The court also ordered that, following the redemption of the mortgage, £25,000 should be paid to Mrs Hobbs (to compensate her for the mortgage) – and £2,000 to Mr Huntingford (to compensate him for a conservatory, for which he had paid. The balance was then to be split in shares of 61% and 39%.

Valuing individual shares can be harder if property prices have dropped between the date of purchase and the date when the property is sold. There may then be little or no money left to distribute after the mortgage has been paid off.

This situation arose in Cheese v Thomas [3] EGCS 149. Cheese contributed £43,000 towards a property which was bought in the sole name of his great-nephew, Thomas. The balance of £40,000 was raised by Thomas on a mortgage. After a few months matters became sour. But worse: the house had lost one-third of its value in a falling property market.

Justice demanded that the gross sale price (£55,000) should be split between Cheese and Thomas in the proportions 43:40. This, theoretically, gave £28,000 to Cheese and £26,700 to Thomas. But as the net proceeds (after redemption of the mortgage) amounted only to £17,667, the Court of Appeal ordered Thomas to top this up with a further £11,033 so as to repay Cheese a fair share of his contribution towards the purchase price.

Another issue may be the appropriate date for valuing a beneficial interest. The Court of Appeal considered this in Turton v Turton [7] 2 All ER 641. In January 1972 an unmarried couple purchased a property as “beneficial joint tenants”. Three years later the appellant, Carol Turton, moved out leaving the respondent, Edward Turton, in sole occupation of the property.

It was not until 1983 that the appellant sought a court order to force a sale of the property. The judge granted this, but ordered that the appellant’s share should be valued at the date of the couple’s separation in 1975, when the property was worth only £10,000. The appellant appealed against the judge’s decision, saying that the proper date for valuing each beneficial share was when the property was actually sold. The value of the property had then reached £30,000.
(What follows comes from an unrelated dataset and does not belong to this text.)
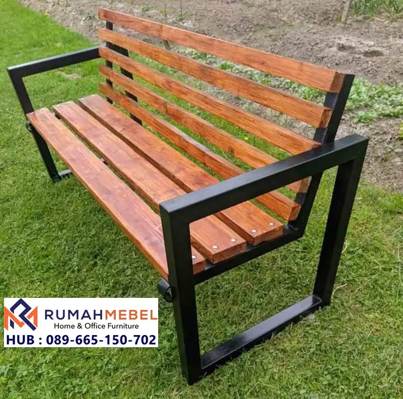 Kursi taman ini menerapkan konsep minimalis Industrial yang menonjolkan garis-garis yang jelas dan tegas. Rangka kursi terbuat dari besi kotak (hollow) berkualitas tinggi yang dilapisi dengan cat hitam matte yang tahan karat. Sementara itu, bagian duduk dan sandaran terbuat dari kayu solid yang memiliki finishing natural gloss, menampilkan serat asli kayu dan menciptakan kontras hangat dengan rangka besi yang dingin.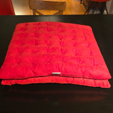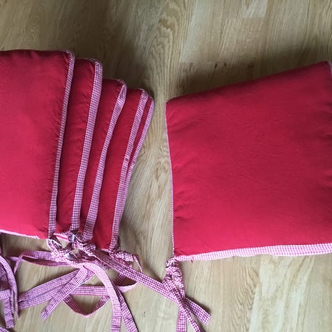Selger et sett med fire (4) tykke og komfortable sitteputer, perfekte for å gjøre stoler mykere og tilføre farge til rommet (spesielt fint til jul!).

The Court of Appeal agreed with the appellant, saying that where there had been an express declaration of trust each beneficial share had to be valued on the date the proceeds of the trust were realised (ie when the beneficial interests were converted into cash).

The risks of a dispute and the costs of litigation can be reduced if the relevant trusts (and interest of each party) are declared at the outset. This is particularly important when the buyers are unmarried or engaged couples. Professional advisers must explain to prospective buyers the differences between joint tenancies and tenancies-in-common, so that their clients can make an informed choice as to which is most appropriate to their circumstances.